Hill had got back on track with a fine birdie at the par-5 12th, with Law also hanging in until dropping his first shot since the 11th in Thursday’s opening circuit with an untimely three-putt bogey at the 16th.

Forrest suffered the same fate there, dropping him into a tie for the lead with Morrison, who then got his nose in front with a closing birdie, coaxing in a 10-foot downhill putt to cap a stunning last-day effort.

James Morrison in action during the last round of the Hero Open. Picure: Andrew Redington/Getty Images.

That left Forrest needing a big finish and he was up to the task.
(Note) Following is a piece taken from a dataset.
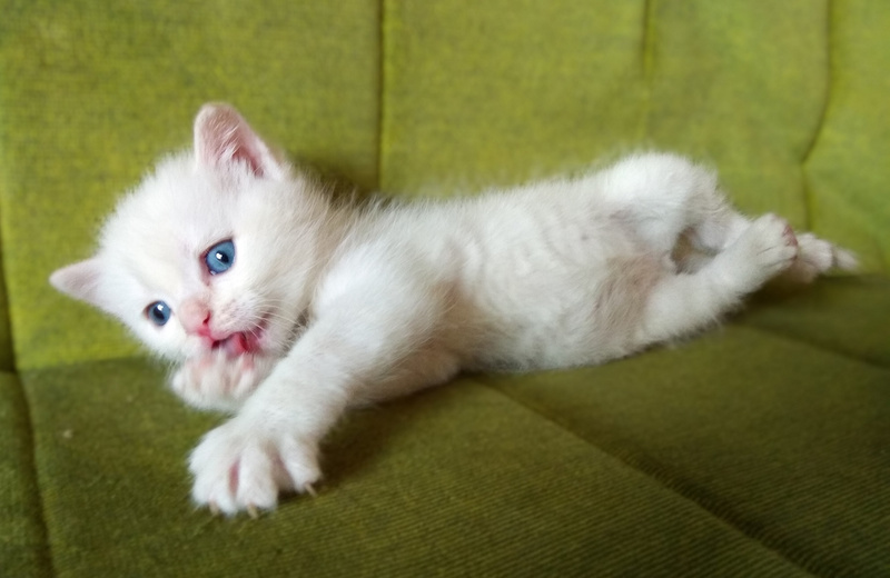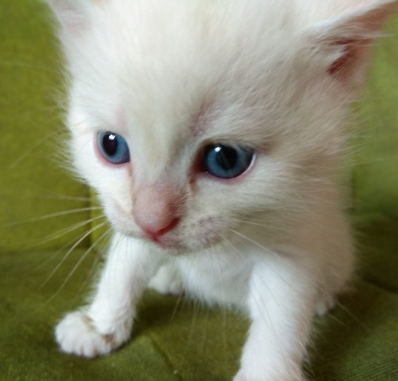 Метис невской маскарадной, котик-малыш (1 мес) с горькой судьбой ищет добрых хозяев. Он и 3 его сестрёнки в 3-дневном возрасте были заживо закопаны на территории садоводства хозяевами кошки-матери. Писк услышали ребятишки, нашли котят и откопали. В возрасте 3,5 недель котик охотно приучился к лотку, сейчас кушает из блюдечка молочко, кашку и мясное детское пюре. Родился совершенно белым, в настоящий момент хвостик, ушки, мордочка и немножко лапки начали постепенно окрашиваться в кремовый цвет. Глазки небесно-голубые, как и полагается котикам с окрасом колор-пойнт. Котик будет пушистым, очень игривый и забавный.

As had been the case at the eighth and 11th, his tee shot at the par-3 17th was exceptional, setting up another three-footer for a birdie.

“We had three really good numbers, it sometimes just works like that,” he said of those trio of 2s later. “It sometimes just works like that. I hit three cracking shots within ten feet in total. It’s always nice when you can knock them in really close.”

With the pressure on, he then hit two fine shots - his approach from around 260 yards was a majestic 2-iron - to find the back edge at the last and it was job done as he two-putted from around 20 feet.

“It hasn’t sunk in yet. I’m sure it will,” said Forrest, who is the 26th Scot to win on the European Tour and first since his Bounce Sport stablemate, Bob MacIntyre, made his breakthrough in Cyprus last November.